Descriptive Statistics#

Data Representation Revision#

Theory#

Descriptive statistics builds upon data representation concepts, using organized data displays to calculate summary measures that describe the main features of a dataset. Understanding data organization is essential for accurate statistical calculations.

\[\text{Frequency Distribution} = \{(x_i, f_i) : i = 1, 2, ..., k\}\]

where $x_i$ represents values/categories and $f_i$ represents their frequencies.

\[\text{Total Frequency} = n = \sum_{i=1}^{k} f_i\]

Application#

Examples#

Example 1: Calculating Statistics from Frequency Tables#

Let’s calculate basic summary statistics from grouped data.

Data: Test scores with frequencies: 60-69 (3), 70-79 (7), 80-89 (12), 90-99 (8)

Method 1: Find Modal Class and Total

$\text{Total students} = 3 + 7 + 12 + 8 = 30 \quad \text{(sum all frequencies)}$

$\text{Modal class} = 80-89 \quad \text{(highest frequency of 12)}$

$\text{Relative frequency of modal class} = \frac{12}{30} = 0.4 \quad \text{(40\% of data)}$

Interactive Visualization: Frequency Distribution Explorer#

Interactive Graph

Frequency distribution and statistical measures visualization will be implemented here

Multiple Choice Questions#

Descriptive Statistics#

Theory#

Foundational Definitions: Descriptive statistics summarize and describe the main features of a dataset through numerical measures and graphical representations.

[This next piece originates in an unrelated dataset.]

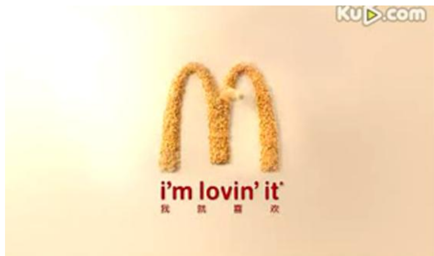
Figure 4.5 McDonald logo and slogan in the "Growth of Chicks" ad.

At the end of the commercial, one of the chicks continue walking into the big M – the symbol of McDonald's as in the above Figure 4.5 (McDonald's, 2011a). Since it has been accused for using the accelerating maturity chicks as its food material in China, McDonald's uses this commercial to tell the consumers that

These statistics provide insight into the center, spread, and shape of data distributions.

Measures of Central Tendency:

Mean (Arithmetic Average): The sum of all values divided by the number of values

\[\bar{x} = \frac{\sum_{i=1}^{n} x_i}{n} = \frac{x_1 + x_2 + ... + x_n}{n}\]

• Properties: Affected by extreme values (outliers) • Uses all data values in calculation • For grouped data: $\bar{x} = \frac{\sum f_i x_i}{\sum f_i}$ where $x_i$ is class midpoint • Weighted mean: $\bar{x}_w = \frac{\sum w_i x_i}{\sum w_i}$ where $w_i$ are weights

Median: The middle value when data is arranged in order

• For odd n: Median = value at position $\frac{n+1}{2}$ • For even n: Median = average of values at positions $\frac{n}{2}$ and $\frac{n}{2} + 1$ • Properties: Not affected by extreme values • For grouped data: $\text{Median} = L + \frac{\frac{n}{2} - F}{f} \times h$ where L = lower boundary of median class, F = cumulative frequency before median class, f = frequency of median class, h = class width

Mode: The most frequently occurring value(s)

• Can have no mode, one mode (unimodal), or multiple modes (bimodal, multimodal) • For grouped data: Modal class has highest frequency • Estimated mode: $\text{Mode} = L + \frac{d_1}{d_1 + d_2} \times h$ where $d_1$ = difference with previous class frequency, $d_2$ = difference with next class frequency

Measures of Spread (Dispersion):

Range: The difference between maximum and minimum values

\[\text{Range} = x_{max} - x_{min}\]

• Simple but affected by extreme values • Interquartile range (IQR): $IQR = Q_3 - Q_1$ (more robust)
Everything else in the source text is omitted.